Everything You Wanted to Know About Machine Learning

翻译了理解机器学习的10个重要的观点，增加了自己的理解。这些原则在大部分情况下或许是这样，可是详细问题详细分析才是王道，不加思索的应用仅仅能是一知半解。

所以张小龙才说‘我说的都是错的’。

note by 王犇

1. How Does Machine Learning Work?

一般来说机器学习算法做这三件事情来建立模型:

1. A set of possible models to look thorough
2. A way to test whether a model is good
3. A clever way to find a really good model with only a few test

a) 确定可行的候选模型集合（搜索空间，这个空间通常会非常大）

b) 确定模型是否可行的方法（效果评价方法）

c) 找到一个有效的方法。利用尽量少的试探得到一个较好的模型（优化算法，model selection）

2. Overfitting Has Many Faces

--小心Overfitting

The general moral of this section of the paper
is to always measure the performance of your classifier on out-of-sample data.

一定要构建測试集来測试你的模型

You cannot do too many of these training and
testing splits.  You should even make some predictions on data you imagine yourself, to see what the model does in certain situations. 

有时须要自己构建測试数据

3. Intuition Fails in High Dimensions

--在高维数据下不要依赖直觉

What this means in practice is that as
you add more and more input fields, you must also add more and more training data to “fill up” the space created
by the additional inputs if you want to use them accurately.

假设你希望通过加入很多其它的特征来提升模型的效果，你必须也同一时候添加很多其它的数据。

否则非常可能噪音会让你的模型效果更差。

4. Theoretical Guarantees Are Not What
They Seem

--理论的误差上界和实践有差异

The only certain way (that we know of now) to
know if an algorithm will model your data well is to try it out.

在尝试之前不要给不论什么模型下定论

5. Feature Engineering is the Key

--特征project尤为重要

The problem here is that no
single input field, or even any single pair of fields, is closely correlated with the objective. 

假设你的输入特征和目标很不相关（比方非线性相关。或者须要复杂变换才干有相关性的）。则你的结果很可能很不好。

It’s when you use your knowledge about the data
to create fields that make machine learning algorithms work better.

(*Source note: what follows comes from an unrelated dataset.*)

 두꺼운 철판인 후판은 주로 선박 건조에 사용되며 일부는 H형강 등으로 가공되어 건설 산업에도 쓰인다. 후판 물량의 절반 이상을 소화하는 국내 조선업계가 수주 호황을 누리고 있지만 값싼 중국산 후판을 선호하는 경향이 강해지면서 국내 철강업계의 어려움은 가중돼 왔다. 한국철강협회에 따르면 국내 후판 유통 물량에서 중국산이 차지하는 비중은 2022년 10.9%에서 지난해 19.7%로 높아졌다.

这里说的特征project，就是利用你对数据的认识来构建特征，让机器学习算法工作的更好！

 In my career, I would say an average of 70%
of the project’s time goes into feature engineering, 20% goes towards figuring out what comprises a proper and
comprehensive evaluation of the algorithm, and only 10% goes into algorithm selection and tuning.

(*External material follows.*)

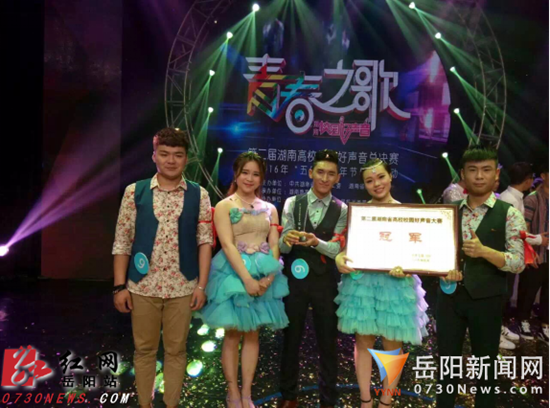 红网岳阳站4月23日讯(分站记者 宁平 通讯员 许乐洋 金芳 谢力军)4月21日,青春之歌——湖南省第二届高校校园好声音大赛总决赛暨2016年“五四”青年节特别活动在长沙落幕,经层层筛选的12支高校代表队,通过现场3轮竞唱,经专业评委现场评分,最终湖南民族职业学院(简称湖南民院)夺得冠军,吉首大学获亚军,湖南工业职业技术学院获季军。省教育厅领导肖国安、陈飞跃等出席本次活动。湖南民院许乐洋、吴军等有关部门领导也全程参与了活动,为选手们加油鼓劲。

大部分工作，70%时间在特征project、20%的时间在怎样有效和可理解的评估效果、仅仅有10%的时间在进行算法的选择和调优

原文具了一个原始输入是经纬度的，须要转换为两个城市间距离的样例。

两个经纬度和两者间的距离是须要相当复杂的转换工作。

转换后可以和用户是否愿意在同一天在两个城市间开车具有很强的关联性。

6. More Data Beats A Cleverer Algorithm

--再一次强调了数据的重要性

there’s increasingly
good evidence that, in a lot of problems, very simple machine learning techniques can be levered into incredibly
powerful classifiers with the addition of loads of data.

越来越多的证据证明，一些简单的机器学习技术通过添加很多其它的数据能够生成很强大的模型

A big reason for this is because, once you’ve defined your input fields, there’s only so much analytic gymnastics you can do. Computer algorithms trying to learn models have only a relatively few tricks they can do efficiently, and many of them are not so very
different. Thus, as we have
said before, performance differences between algorithms are typically not large. Thus, if you want better classifiers, you should spend your time:

1. Engineering better features
2. Getting your hands on more high-quality data

原因是。一般来说你定义好了你的特征，也就限定了你可以在当中探索的空间（事实上就是说。数据限定了终于效果的天花板，这里面的信息量是有限的，模型和算法是在这个空间下寻找一个更好的解）。

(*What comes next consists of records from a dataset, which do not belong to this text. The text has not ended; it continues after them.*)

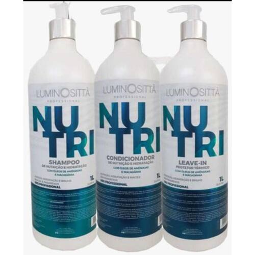Linha Nutri Com óleo de amêndoa e macadâmia. A linha nutri da Luminosittà tem formulação balanceada, limpa e hidrata profundamente os fios. Para todos os tipos dr cabelos e especialmente para cabelos ressecados ou quimicamente tratados. Hidrata, revitaliza e deixa os cabelos com brilho intenso. Shampoo, Condicionador e Leave-in de 1 Litro. COR: BRANCO Ean: 7898516162946
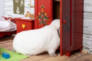 Проект строится как серия постановочных студийных сцен. Я разрабатываю пространство, реквизит и общую атмосферу сцены, однако сами кролики свободно выбирают, как и в какой роли в ней существовать. Моя задача как фотографа — наблюдать, не вмешиваться в процесс и фиксировать момент, в котором образ складывается сам.
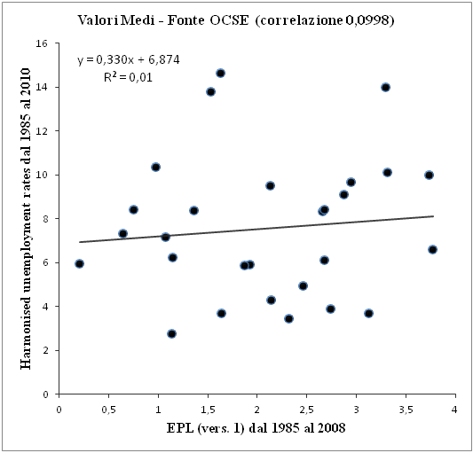 Da più parti nel dibattito degli ultimi giorni sulla riforma del mercato del lavoro è emersa l’osservazione che non è rendendo più precario quest’ultimo che si incentivano la domanda di lavoro e lo sviluppo. E d’altra parte sono a confermarcelo, ancora una volta, i numerosi rilievi provenienti da studi comparati sul tema, come ci illustra nel suo articolo Emiliano Brancaccio: “La figura seguente riproduce una delle numerosissime tipologie di test effettuati in questi anni dall’OCSE e da molte altre istituzioni per verificare l’esistenza o meno di una correlazione tra flessibilità del lavoro e disoccupazione. Il grafico mette in evidenza che non si ravvisa alcuna correlazione tra indici di protezione del lavoro (EPL, Employment Protection Legislation) e tassi di disoccupazione.”

而且事实上非常多模型的原理也都有相似之处。（想想n多的Learning
2 Rank算法）所以假设你希望达到更好的分类器。你能够优先这么做：

1. 更好的特征project

2. 获取很多其它质量更好的数据

7. Learn Many Models, Not Just One

--ensemble的力量！

 One can often make
a more powerful model by learning multiple classifiers over different random subsets of the data.

在多个随机採样的子集中学习多个分类器来达成一个更加强大的模型。（ensemble的力量已经被无数次的证明。近期流行的gbdt。rf都是这个原因。zhangtong给出理论的解释是减少了泛化时的方差）

8. Simplicity Does Not Imply Accuracy

--奥坎姆剃刀原理不总是正确

So too in machine learning. If we have two models
that fit the data equally well, many machine learning algorithms have a way of mathematically preferring the simpler of the two. The folk wisdom here is that a simpler model will perform better on out-of-sample testing data, because it has less parameters
to fit, and thus is less likely to be overfit

一般来看。假设有两个模型对数据的描写叙述能力相同好，那么会倾向于简单的模型（想想正则化）。一般简单的模型在測试集的表现会更好，会更加不easy发生overfitting

One should not take this rule too far. There are many places in machine learning where additional complexity can benefit performance. On top of that, it is not quite accurate to say that model complexity leads to overfitting. More accurate is that the procedure
used to fit all that complexity leads to overfitting if it is not very clever. But there are plenty of cases where the complexity is brought to heel by cleverness in the model fitting process.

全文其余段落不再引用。